Reproduce the lines of the material exactly, excluding every image.

Collected data

□ □ □ □

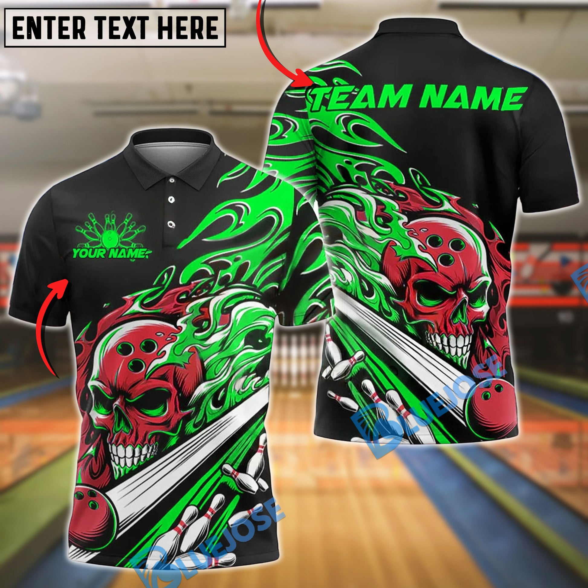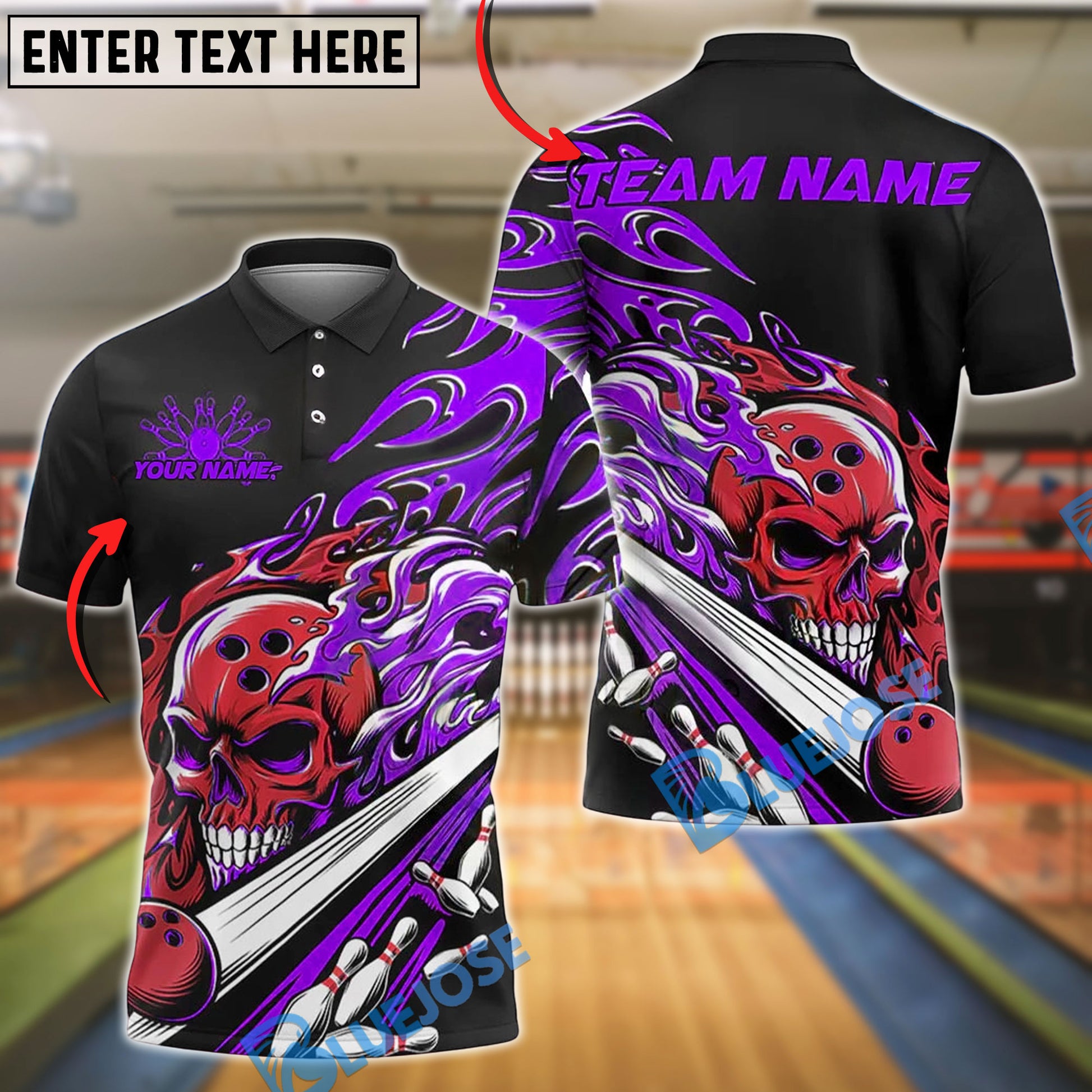 BlueJose Bowling And Pins Fiery Skull Lane Strike Customized Name, Team Name 3D Shirt (4 Colors)
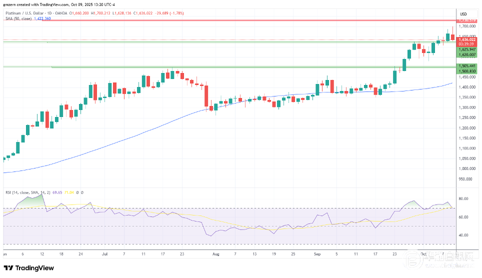 【华通白银网10月10日讯】•由于交易员在历史高点附近了结获利,金价正在下跌。
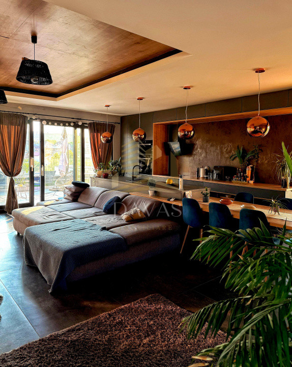 Suprafață și compartimentare: Apartamentul este semi/decomandat, cu o compartimentare modernă și funcțională, ideală pentru un cuplu sau o familie mică. Dispune: de un living spațios conectat cu bucătăria, doua dormitoare separate, doua bai, dressing, pe o suprafata utila de 120mp + Terasa de 45mp.
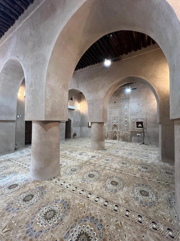 وتضمنت أعمال الترميم إزالة الأجزاء المتأثرة وإعادة بنائها باستخدام الحجارة الأصلية مع تطبيق مواد عازلة للرطوبة، ومعالجة الشقوق في الجدران والأقواس والأعمدة، إلى جانب ترميم الجدران الداخلية والخارجية بمواد تتوافق مع الطابع المعماري الأثري للمبنى، بما يحافظ على الطابع المعماري الأصيل للمسجد ويصون عناصره الإنشائية بما يضمن استدامتها، مع إعادة تأهيل المكونات الداخلية والخارجية بأسلوبٍ يحافظ على قيمته التاريخية والجمالية ويبرز تفاصيله المعمارية الفريدة التي تجسّد فنون العمارة العُمانية الأصيلة.

□ □ □ □

Response for this exercise
 BlueJose Bowling And Pins Fiery Skull Lane Strike Customized Name, Team Name 3D Shirt (4 Colors)
 【华通白银网10月10日讯】•由于交易员在历史高点附近了结获利,金价正在下跌。
 Suprafață și compartimentare: Apartamentul este semi/decomandat, cu o compartimentare modernă și funcțională, ideală pentru un cuplu sau o familie mică. Dispune: de un living spațios conectat cu bucătăria, doua dormitoare separate, doua bai, dressing, pe o suprafata utila de 120mp + Terasa de 45mp.
 وتضمنت أعمال الترميم إزالة الأجزاء المتأثرة وإعادة بنائها باستخدام الحجارة الأصلية مع تطبيق مواد عازلة للرطوبة، ومعالجة الشقوق في الجدران والأقواس والأعمدة، إلى جانب ترميم الجدران الداخلية والخارجية بمواد تتوافق مع الطابع المعماري الأثري للمبنى، بما يحافظ على الطابع المعماري الأصيل للمسجد ويصون عناصره الإنشائية بما يضمن استدامتها، مع إعادة تأهيل المكونات الداخلية والخارجية بأسلوبٍ يحافظ على قيمته التاريخية والجمالية ويبرز تفاصيله المعمارية الفريدة التي تجسّد فنون العمارة العُمانية الأصيلة.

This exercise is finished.